A wave of dizziness washed over him and his vision went from black to fuzzy to black again.
“Whoa.” Blinking in an effort to bring the room into focus, he stretched an arm out toward the carved oak headboard and slowly lowered himself back to the mattress.
“Gage? Are you all right?”
Jenna’s voice, filled with concern, came to him as if through a wind tunnel, hollow and reverberating. He lifted his head to glance at her only to have her face go all blurry and indistinct.
“I’m fine. I just-” He continued to blink, trying to shake off whatever had suddenly taken hold of him. His eyes were dry and tired, his tongue feeling about three sizes too large for his mouth, making it hard to talk. Not that it mattered much, considering his brain seemed to be having a difficult time putting two thoughts together.
“Why don’t you lie down,” Jenna offered.
She was beside him now, one arm around his back, helping to lower him to the mattress, the other pressing against his chest to make sure he went down.
“What did you do?” he thought he asked, though it might have come out as more of a slur.
“Nothing, you’re just tired. Lie back and go to sleep.”
But he wasn’t tired. Or he hadn’t been when he’d gotten here. He’d been wide awake-or darn near-after her phone call woke him from a dead sleep. How could he be tired again already? Unless…?
It was right there, on the tip of his tongue. The reason he was so groggy all of a sudden, the reason he felt like he needed a nap and might not have much say in whether he took one or not.
But then it was gone as his grogginess grew. It didn’t help, either, that Jenna was sitting on the bed beside him, her hip pressed against his, her fingers brushing lightly through his short hair and over his scalp in a soothing motion that was growing hard to resist.

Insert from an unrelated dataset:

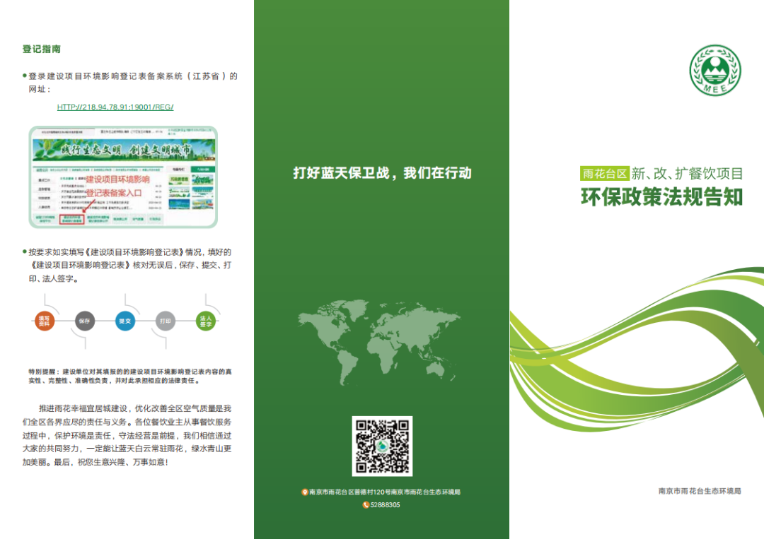 为服务南京市雨花台区高质量发展,帮助企业依法依规经营,从源头控制餐饮油烟污染,有效解决群众身边环境问题。雨花台生态环境局根据《中华人民共和国大气污染防治法》、《江苏省大气污染防治条例》以及国务院《建设项目环境保护管理条例》等法律法规,就餐饮项目在选址、油烟处置及项目申办等方面要求,在全市环保系统率先编制了《雨花台区新、改、扩餐饮项目环保政策法规告知手册》,并联合雨花台区市场监督管理局共同开展对全区餐饮新、改、扩项目环保事先告知服务。

He let his eyes drift closed, let her lull him in a way she hadn’t since they were first married. When they were still crazy in love, and before he’d fucked it all up.

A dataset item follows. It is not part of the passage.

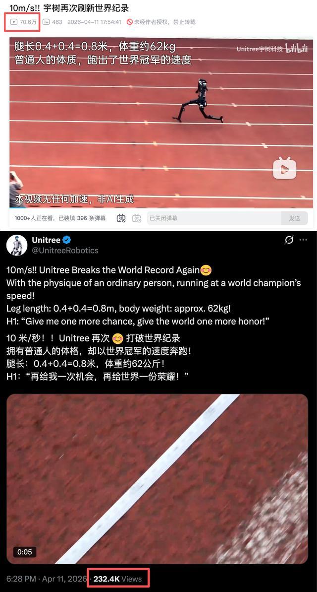 智东西4月12日消息,昨日下午,宇树科技在B站和社交平台X上发出一段新视频,其人形机器人H1跑步速度达到每秒10米,宇树官方称H1用“普通人的体质,跑出了世界冠军的速度”,再次刷新人形机器人的世界纪录。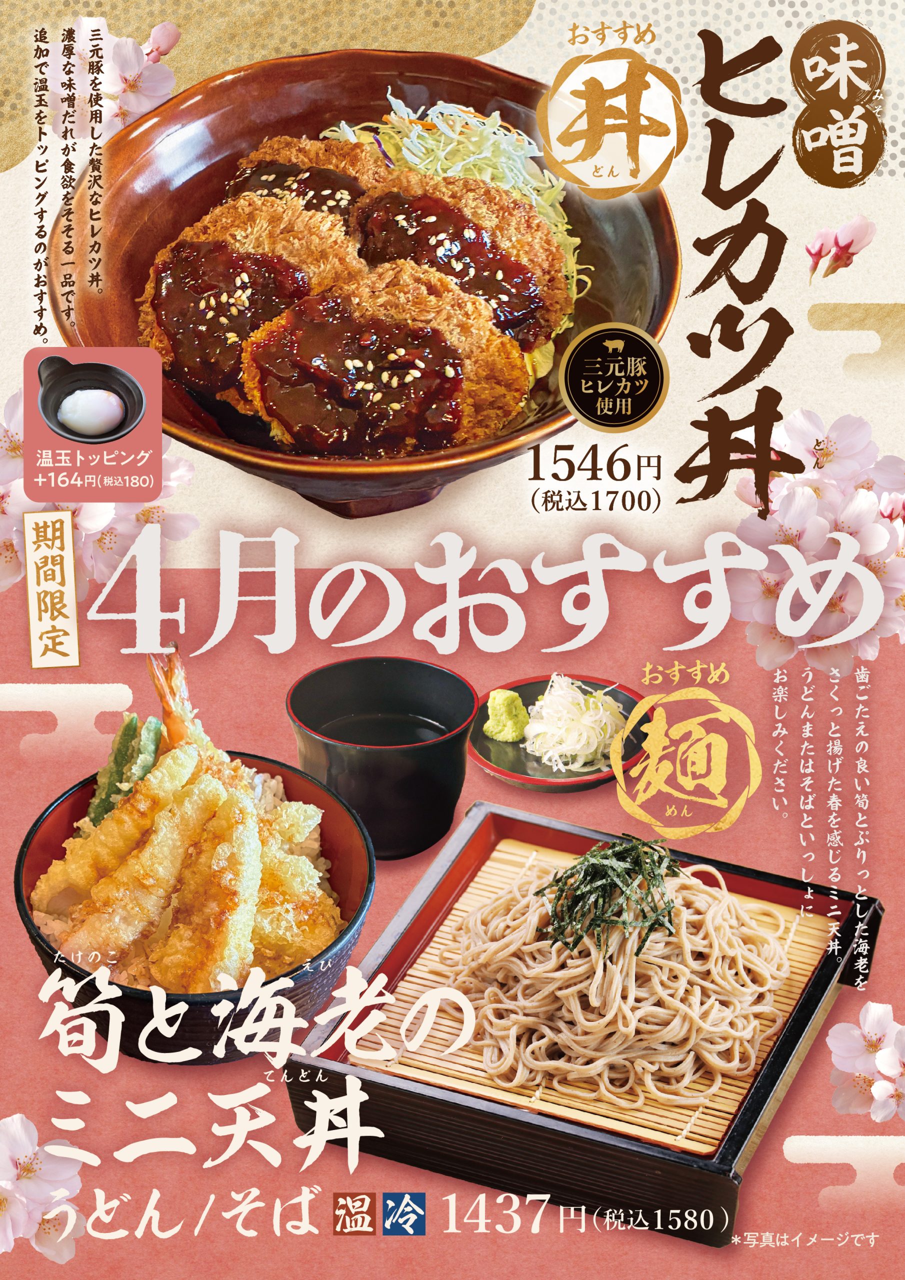 お食事処「季膳房」より、4月おすすめメニューのご案内です。

Gage couldn’t remember a time in his life when he’d been this happy, this content.
Then again, what sane man wouldn’t be?
The way he figured it, things didn’t get much better than this. Waves lapping just outside the room. The warm island breeze blowing through the open balcony door. And the most beautiful woman in the world tucked securely at his side, her slim, sleek body rubbing sensuously against his own.
Oh, yeah, this was the life. If he’d known it could be this good, he’d have swept Jenna away to the Caribbean long before now. As it was, he was beginning to wonder if there was any way to stretch out their two-week honeymoon and stick around St. Thomas and its surrounding islands for the next… oh, fifty years or so sounded good to him.
The short, spiky strands of Jenna’s dark hair tickled his bare shoulder as she began to stir. Her leg, hitched over his own, bent and slid up his thigh until her knee came dangerously close to unmanning him. Instead of disturbing him, though, the soft brush of skin on skin heated his blood and generated thoughts of making love to her, even though it hadn’t been that long since their last passionate encounter.